On n'a jamais assez de temps pour se plaindre de l'absence de Zenzile. En effet, deux ans et quelques mois après la sortie de la BO instrumentale de son ciné-concert Berlin, le groupe angevin resurgit avec un nouveau projet nommée Elements, soit un spectacle audiovisuel vivant proposé à l'origine par le directeur du Quai d'Angers, Frédéric Bélier-Garcia, au claviériste du groupe, Vincent Erdeven. Mis en images par Julien Brevet (membre d'Idem) et construit pas à pas par le sextet en résidence au Quai, ce show qui a voyagé et qui continue de le faire dans toute la France à l'heure où j'écris ces lignes, perpétue l'habitude qu'a pris Zenzile de se frotter à l'image et de nous pondre des titres qui en évoquent une multitude grâce à un habile équilibre entre des plages planantes et d'autres entraînantes, agrémentées de quelques ballades alanguies absolument savoureuses.

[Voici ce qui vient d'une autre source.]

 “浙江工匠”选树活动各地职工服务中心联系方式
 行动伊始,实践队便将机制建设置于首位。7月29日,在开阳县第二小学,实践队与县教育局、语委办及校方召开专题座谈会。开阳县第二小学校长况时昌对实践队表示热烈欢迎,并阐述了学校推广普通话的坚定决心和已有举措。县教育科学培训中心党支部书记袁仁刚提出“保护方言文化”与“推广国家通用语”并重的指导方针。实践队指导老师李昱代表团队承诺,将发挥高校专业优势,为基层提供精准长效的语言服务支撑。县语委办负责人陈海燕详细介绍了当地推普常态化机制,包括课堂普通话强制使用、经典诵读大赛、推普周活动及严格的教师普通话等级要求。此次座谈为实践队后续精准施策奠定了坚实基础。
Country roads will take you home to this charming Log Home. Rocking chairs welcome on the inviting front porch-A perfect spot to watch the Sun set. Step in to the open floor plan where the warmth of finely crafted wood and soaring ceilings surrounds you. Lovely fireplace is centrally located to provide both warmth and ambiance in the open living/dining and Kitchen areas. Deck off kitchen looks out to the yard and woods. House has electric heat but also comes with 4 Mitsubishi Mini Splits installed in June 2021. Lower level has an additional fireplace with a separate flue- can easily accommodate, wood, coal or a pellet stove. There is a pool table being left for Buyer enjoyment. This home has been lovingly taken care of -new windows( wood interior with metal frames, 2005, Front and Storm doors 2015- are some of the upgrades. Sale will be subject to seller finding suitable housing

Ceci étant dit, la grande différence entre Elements et ses prédécesseurs (Berlin et Le cabinet du docteur Caligari) réside dans le fait que le groupe n'a pas dû cette fois-ci se farcir un film existant et bosser dessus pour parfaire une bonne synchronisation du son sur l'image. Ici, c'est totalement l'inverse, il s'agit de partir de zéro sur une thématique précise (en l'occurrence, les quatre éléments), soumettre la musique et des idées au chargé de la création des visuels afin qu'il puisse retranscrire cet aspect cinématographique sur scène. Au travers d'instrumentations immersives tâtonnant tantôt le post-rock, la pop, le rock voire la soul-funk, vient naître une nouvelle voix chez la formation : celle de Zakia Gallard, une jeune angevine de 23 ans, fille du premier batteur de Lo'Jo au timbre soyeux parfaitement typé pour la soul et le jazz. Son apport vient considérablement casser cette routine faite de titres purement instrumentaux qu'on a pu découvrir à l'époque avec ces fameux projets ciné-concert précédemment cités.

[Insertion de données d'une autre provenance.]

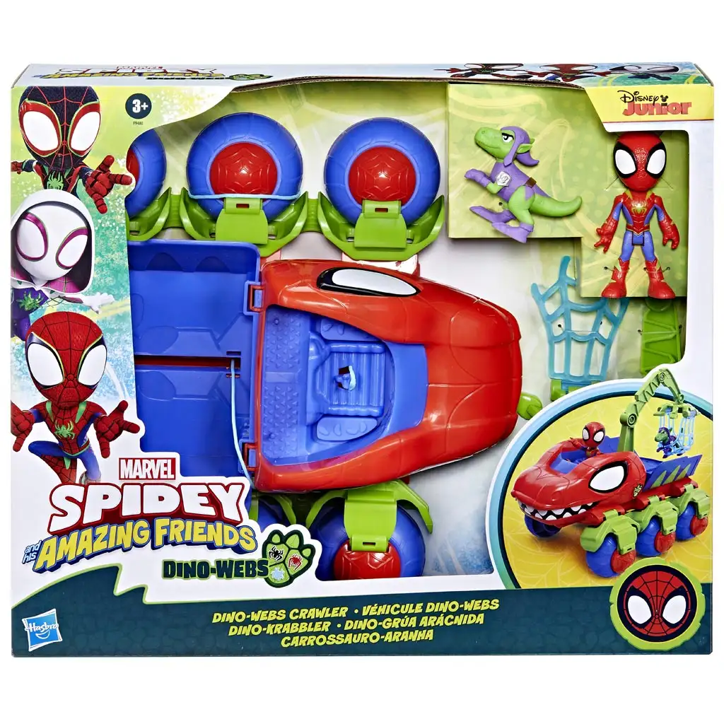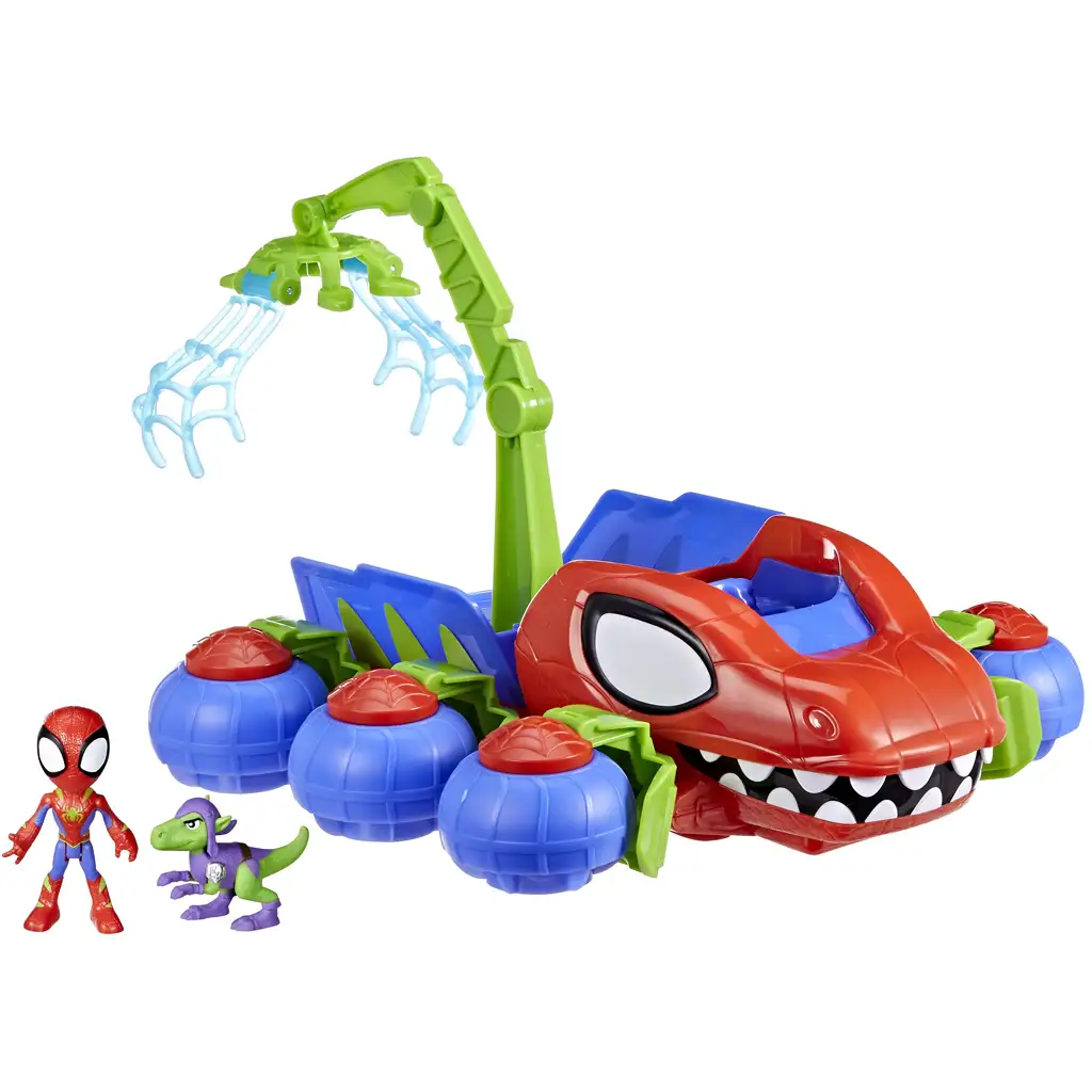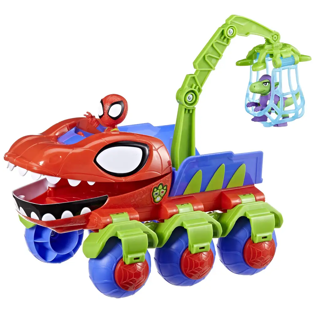 A játék egyik legjobb funkciója a daru végén található hálós ketrec, amelybe a dinoszauruszt vagy más figurákat lehet helyezni. A gyerekek Spidey segítségével felemelhetik és elszállíthatják a kis dinót, miközben saját történeteket találnak ki a Marvel Junior világából inspirálódva. A jármű belsejében egy pilótafülke is található, ahová Spidey könnyedén beültethető, így ő vezetheti a kalandokkal teli Dino-Webs Crawler-t.

Avec ce dixième album au compteur, le combo qui a fêté ses vingt ans cette année, n'a pas foncièrement perdu son aura, il confirme juste qu'il est toujours au taquet dans sa ligne droite rock/pop amorcée après son virage forcément remarqué sur Living in monochrome sorti il y a dix ans (déjà !). Certains ont depuis perdu le groupe à la trace, se sont fait fourvoyer par son évolution post-dub, et pourtant il prouve encore aujourd'hui qu'il est capable de se renouveler, pas de manière brutale certes, mais par petites touches qui font souvent la différence. Au moins, on ne pourra pas reprocher à Zenzile ne pas être une nouvelle fois dans son élément.